The Space Telescope Science Institute (STScI) provides JupyterHub-based science platforms for community use. These web-based platforms offer software and tools to perform analysis and processing of astronomical data in a JupyterLab environment.

This repo defines the Docker images used to support single user JupyterHub notebook servers. The images are currently based on the community jupyter/docker-stacks project as well as prior STScI JupyterHub efforts.

Each image defines a JupyterLab environment which includes one or more Python kernels dedicated to astronomical processing and/or generic data analysis.

These images can be run locally on your laptop or as notebook servers for one of STScI's cloud-based multi-user jupyterhubs.

Image and Dockerfile Structure

Supported Missions

While there are commonalities, each mission has a different selection of available s/w.

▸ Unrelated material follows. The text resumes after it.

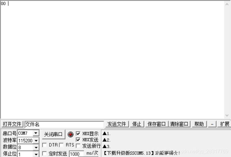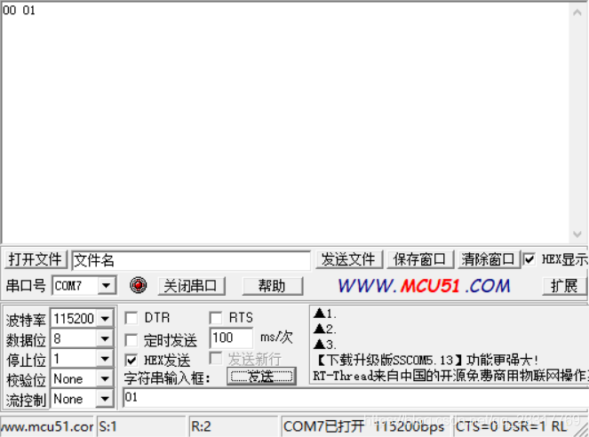 在串口中,发送0x01后,串口助手会接收到返回值0x01,如下图;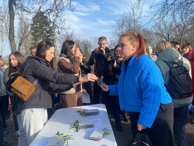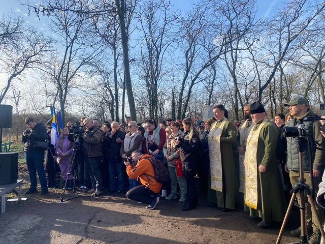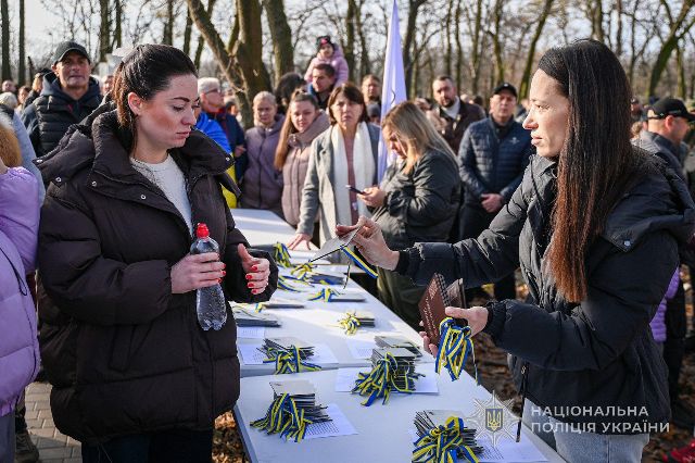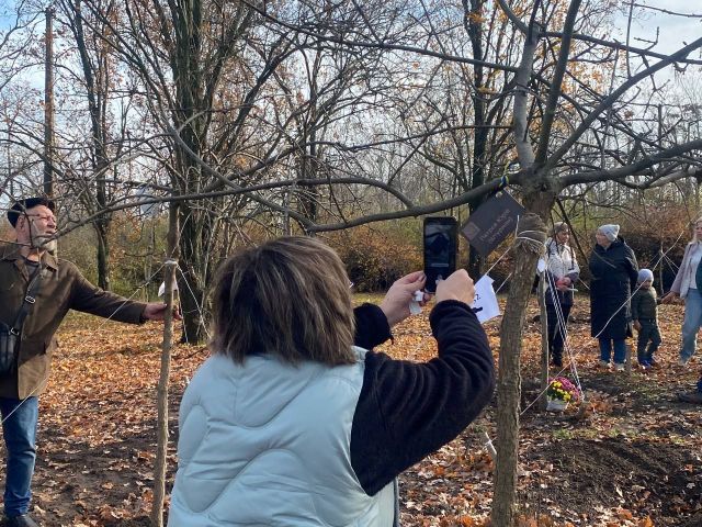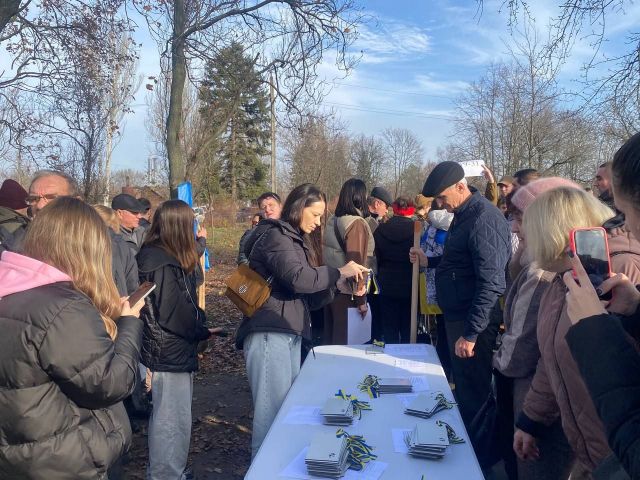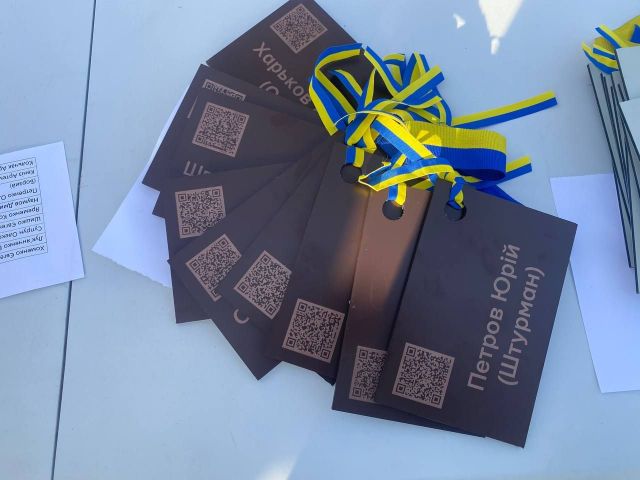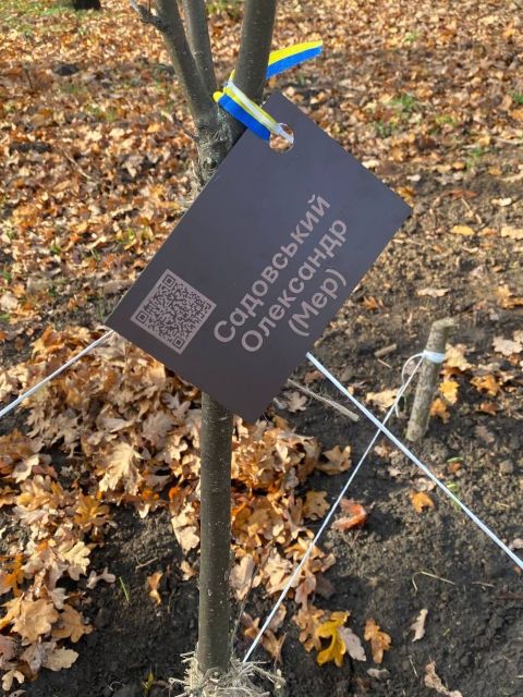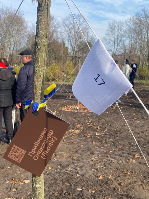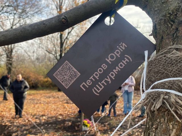 Родинам після закінчення офіційної частини треба було отримати, як розповіла менеджер ГО «Разом ЮА» Ніна Мироненко, табличку з імʼям бійця, його прізвищем, позивним (якщо він, звісно, був) та спеціальним QR-кодом, який веде на сайт «Меморіал честі», де зібрана інформація про загиблого героя, повісити її на дерево та підсипати землю довкола нього

Currently supported missions/deployments:

  • roman
  • tike
  • jwebbinar

Future missions/deployments:

  • jwst

Prerequisites

Using this build framework requires installation of some basic tools:

  1. Docker

  2. Miniconda and the repo's requirements.txt

For Docker on x86 based OS-X we now typically use colima installed via brew.

Building an image

Image building is scripted in bash to make builds relatively straight-forward while meeting other goals.

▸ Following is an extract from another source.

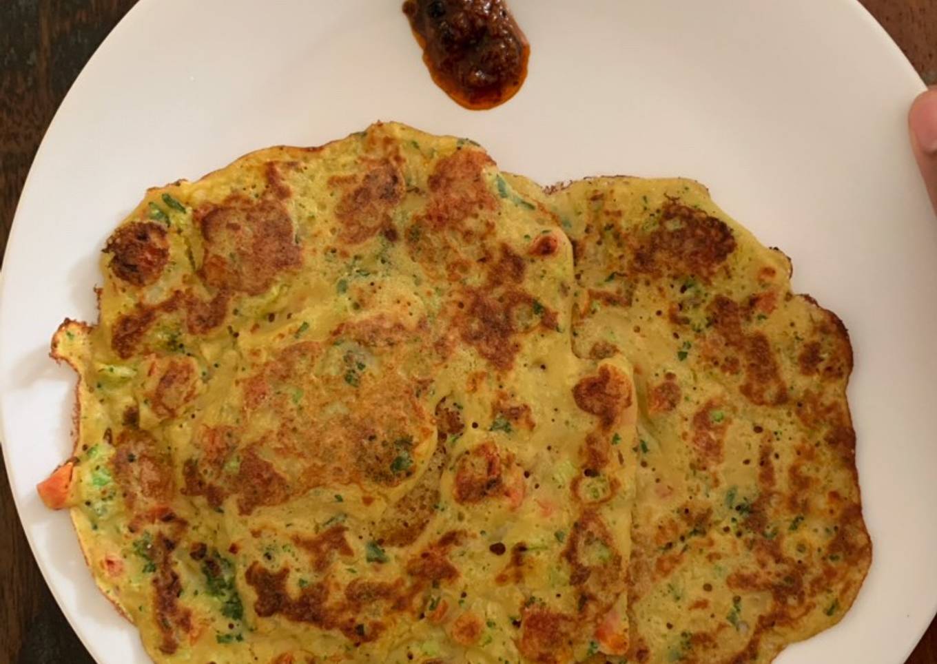In India, they call it besan cheela which is made using finely ground chickpea flour otherwise known as gram flour. I happened to buy some chickpea flour here in one the stores from a local brand. I added some grated vegetables to the batter and tried to make these similar to cheelas and they turned out so delicious that I couldn’t wait to share the recipe. These pancakes are so healthy and delicious. And needs no side really! #chickpeaflour #worldpulseday #chickpeas #chickpeapancakes #savourypancakes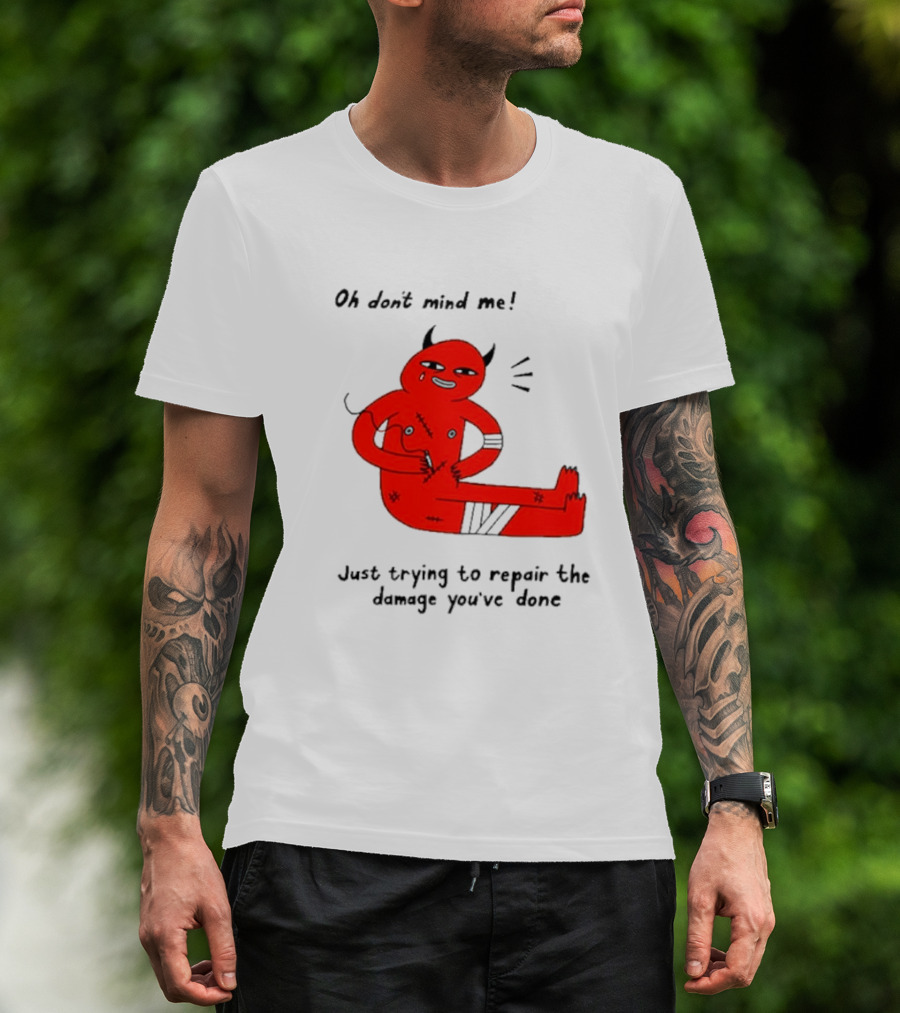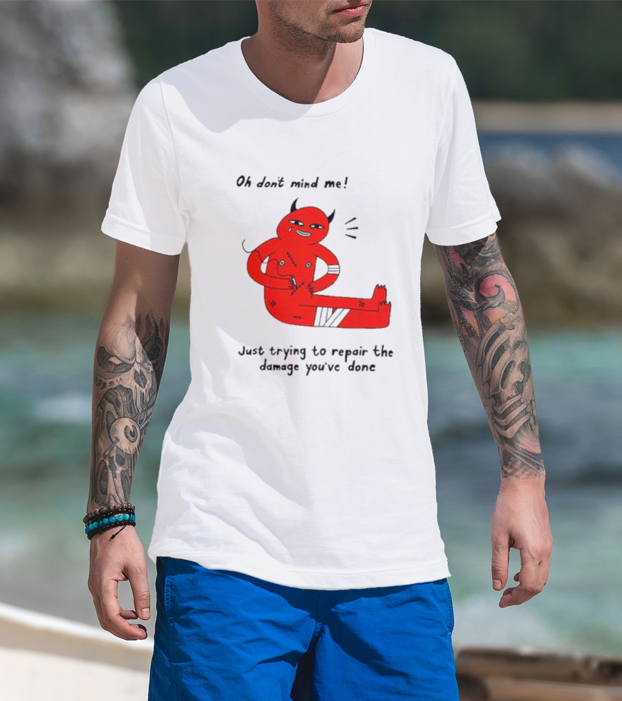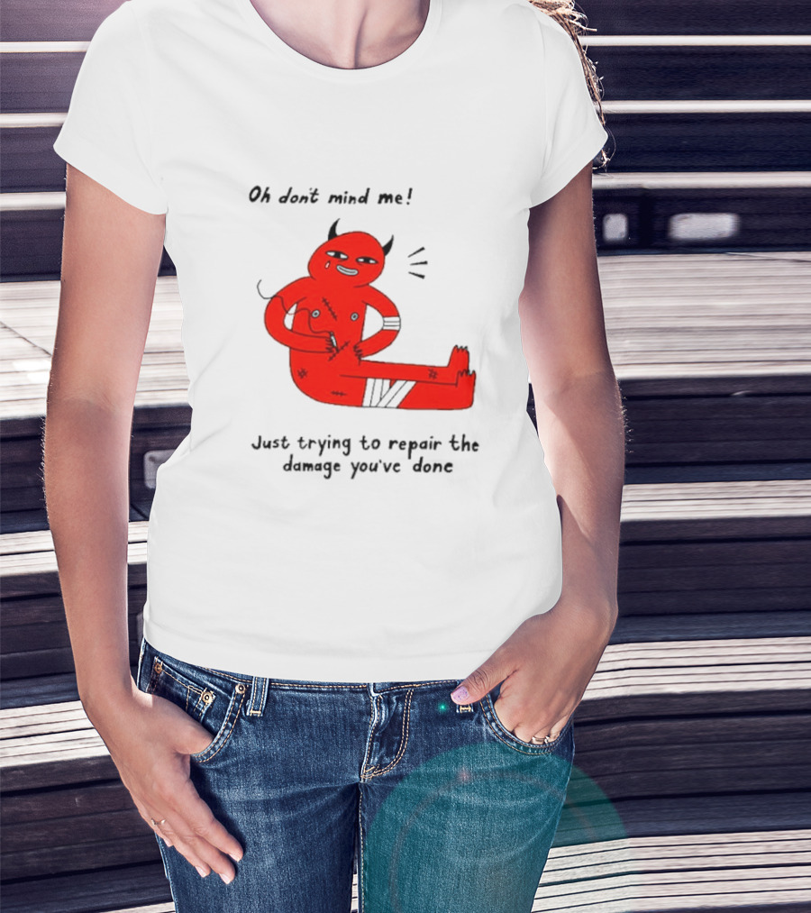 Oh Don’t Mind Me Just Trying To Repair The Damage You’ve Done Red Cartoon Devil Patching Up T-Shirt

To do a personal image build, from the top directory of a repo clone you can e.g.:

scripts/image-configure  roman

source setup-env

image-build

image-test   # to run built-in mission-specific headless tests

run-lab      # to run JupyterLab single user on your local computer

Image Structure

The diagram below illustrates the general structure of these images:

Image and Dockerfile Structure

Starting from an Ubuntu base image, a chain of 7 Dockerfiles is used to build the final product. Optional patch layers can be added later to address specific security concerns w/o rebuilding the entire image.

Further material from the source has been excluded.